Research & Papers

Scalable LLM-based Coding of Dialogue in Healthcare Simulation: Balancing Coding Performance, Processing Time, and Environmental Impact

New study shows LLMs can code 11,647 dialogue utterances with 6 constructs...

Deep Dive

Researchers from Monash University and partner institutions have published a study on arXiv (2604.23255) exploring how LLMs can automate dialogue coding in healthcare simulation debriefing. Using a dataset of 11,647 utterances coded across 6 dialogue constructs, they compared 4 prompt designs across varying batch sizes. The study evaluates coding performance, processing time, and energy consumption, finding that increasing batch size improves speed and reduces energy use but negatively impacts coding accuracy. This work demonstrates the feasibility of LLM-based qualitative analysis for real-time feedback in training environments.
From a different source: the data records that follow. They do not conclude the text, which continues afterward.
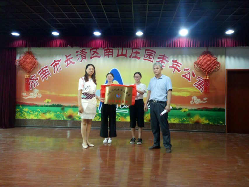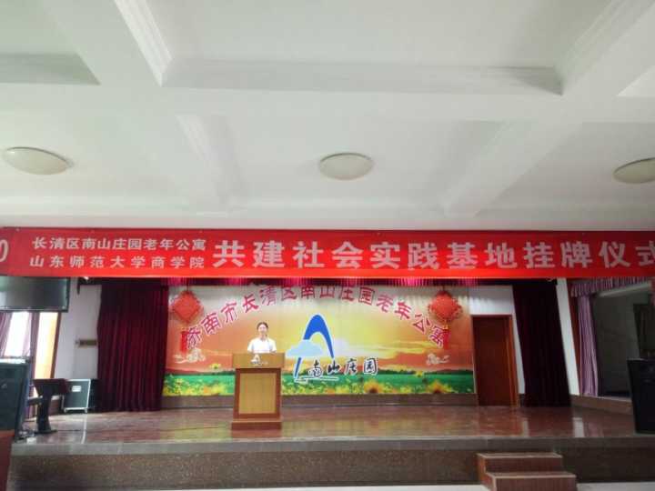 与此同时,另一部分队员已经于长清区南山庄园老年公寓布置好实践基地挂牌仪式的场地,在这里,365英国上市、长清区南山庄园老年公寓共建社会实践基地挂牌仪式即将举行。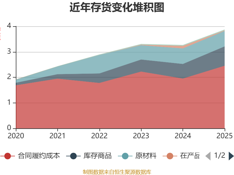 从存货变动来看,截至2025年末,公司存货账面价值为3.87亿元,占净资产的21.96%,较上年末增加6060.86万元。其中,存货跌价准备为8237.51万元,计提比例为17.55%。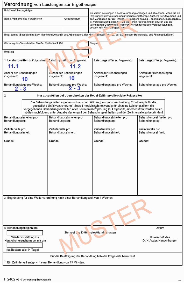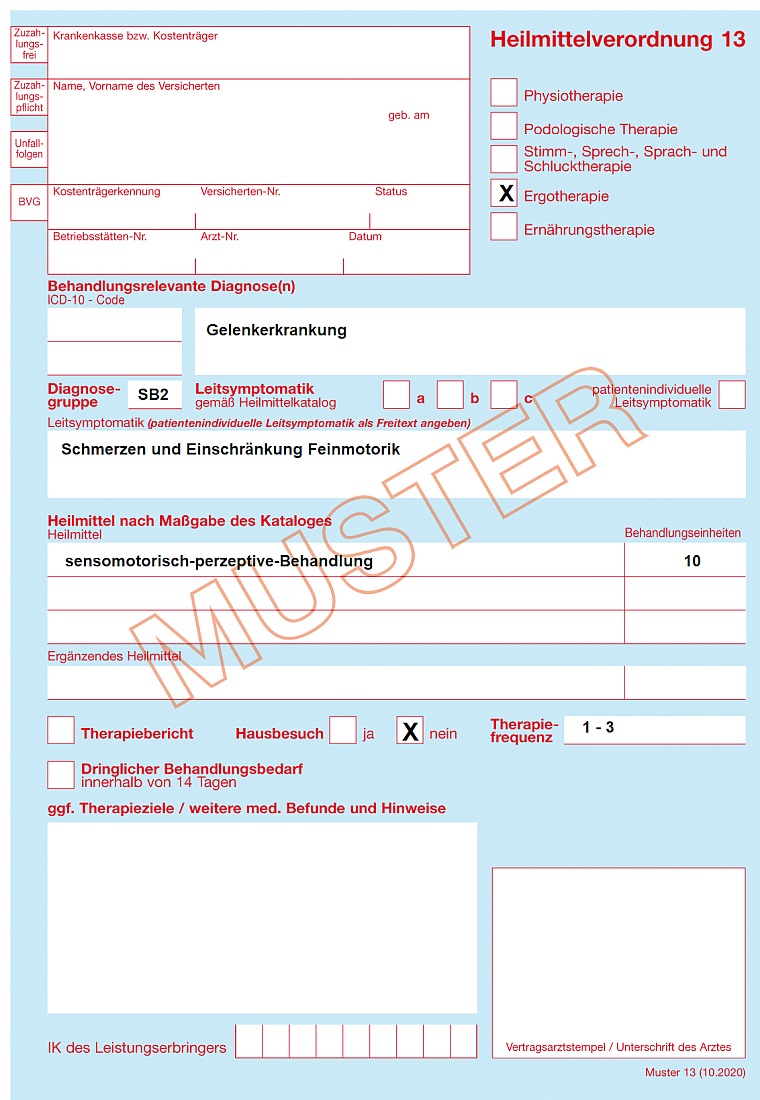 Heilmittelverordnung -Ergotherapie (Formular mit der Nr. 13 blau oder rosa oder BG-Verordnung)
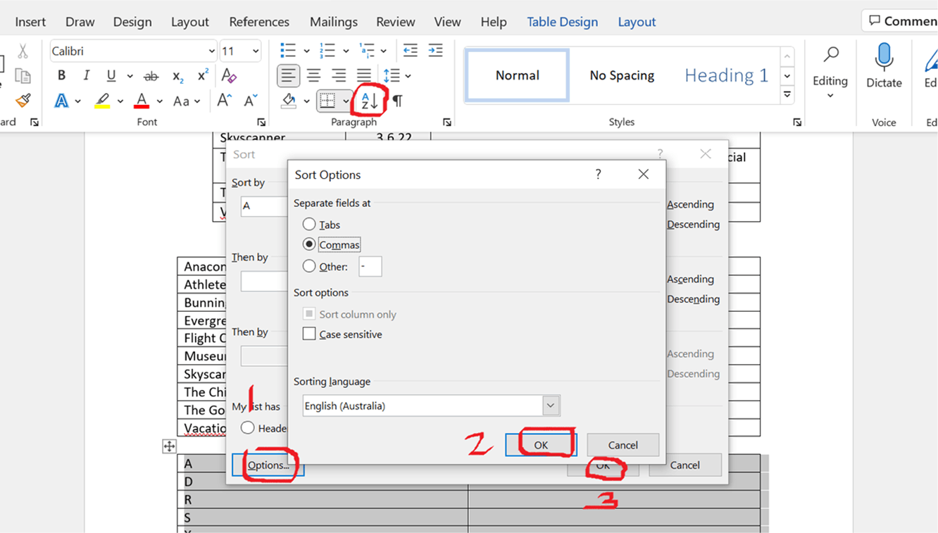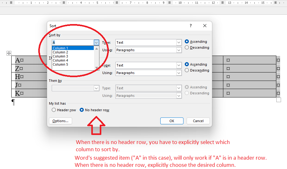 Stefan Blom 324.7K Reputation points MVP Volunteer Moderator2022-06-07T14:57:54+00:00 Indeed, Word is trying to be helpful and suggests the value in the top left cell as the item to "Sort by," and the sort will then fail because "Anaconda" in your most recent example (or "A" in our previous examples) is neither a label from a header row or a column number.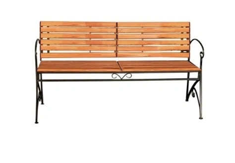 Простая и красивая садовая скамейка, изготовленная из двух материалов: металла и дерева. Она сможет украсить ландшафт парка или садового участка.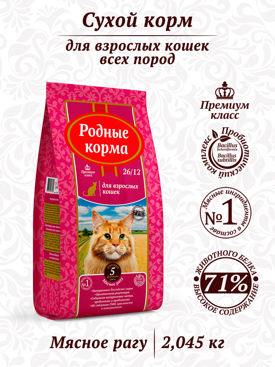 Корм сухой родные корма 26/12 5 русских фунтов для взрослых кошек, мясное рагу 2,045 кг 2 423 ₽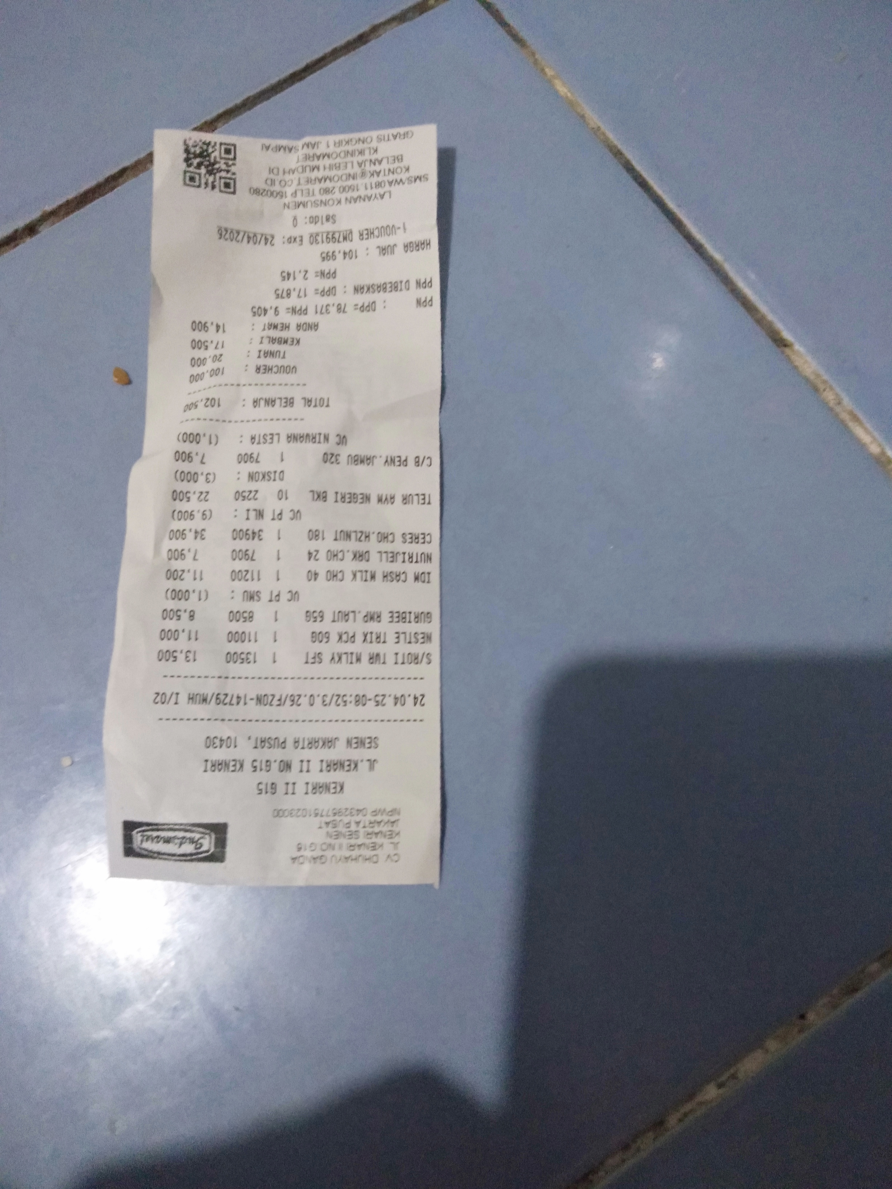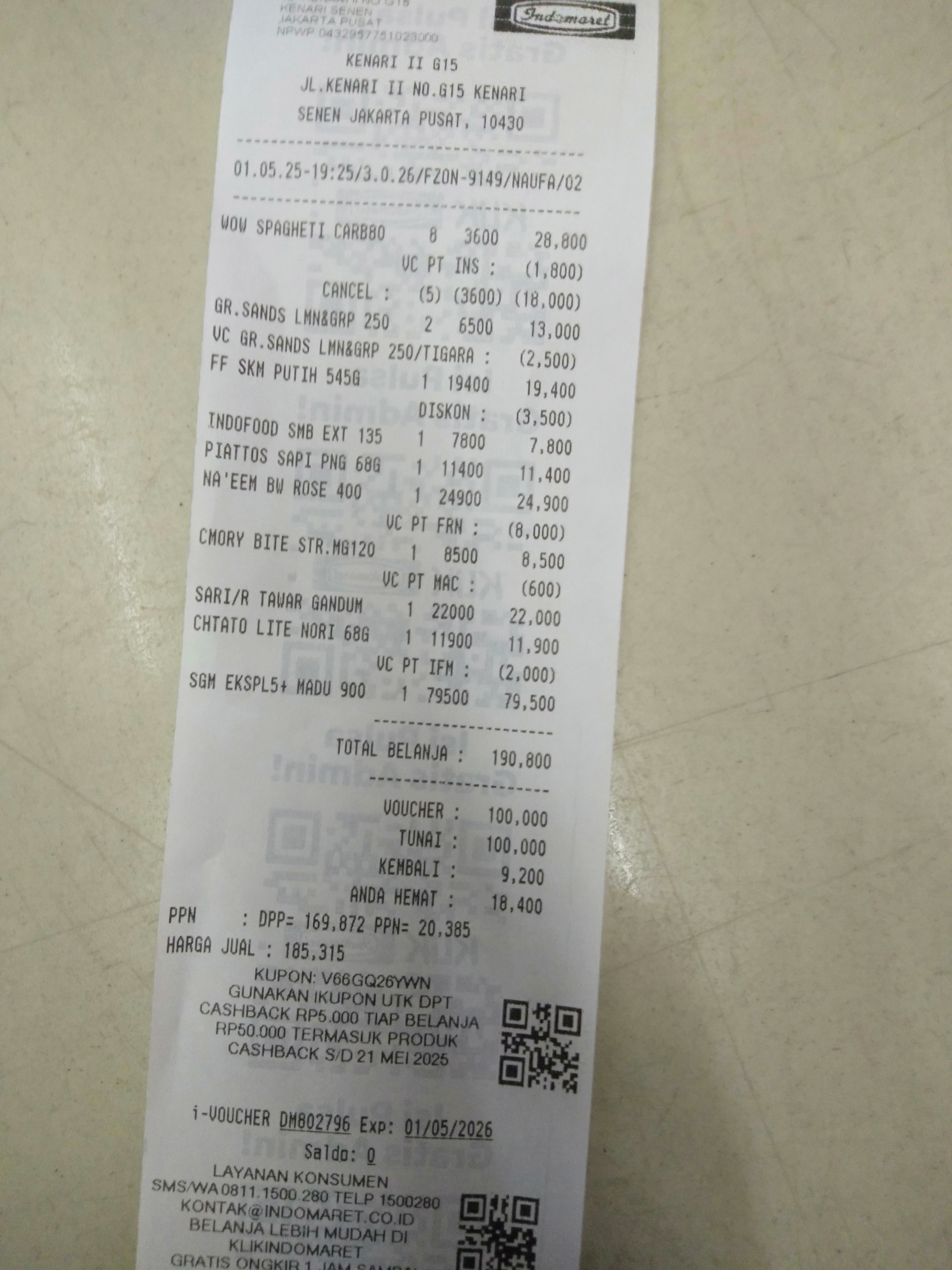 Dana digunakan untuk 1. Nipe drop Rp100.500 2. Susu Dancow Rp90.000/750 gr 3. Roti tawar sari roti milky Rp21.000 4. Kurma Rp30.000/500gr 5. Jeruk Rp20.000/kg2024-03-12 16:31:18

The research addresses a critical gap: prior LLM coding studies focused on replicating human accuracy for research, not real-time use in settings like healthcare simulations where results must be fast, private, and sustainable. By optimizing prompt design and batching, the team shows how to balance these competing demands. The findings offer practical guidance for scaling dialogue analytics in contexts where timeliness, privacy, and sustainability are critical, paving the way for AI-powered feedback in team training.

Key Points
  • Tested 4 prompt designs with batch sizes on 11,647 utterances from healthcare simulation debriefing
  • Larger batch sizes improved processing speed and reduced energy consumption but reduced coding accuracy
  • Balances coding performance, processing time, and environmental impact for real-time training feedback

Why It Matters

Enables real-time, scalable dialogue analysis in healthcare training, balancing speed, accuracy, and sustainability.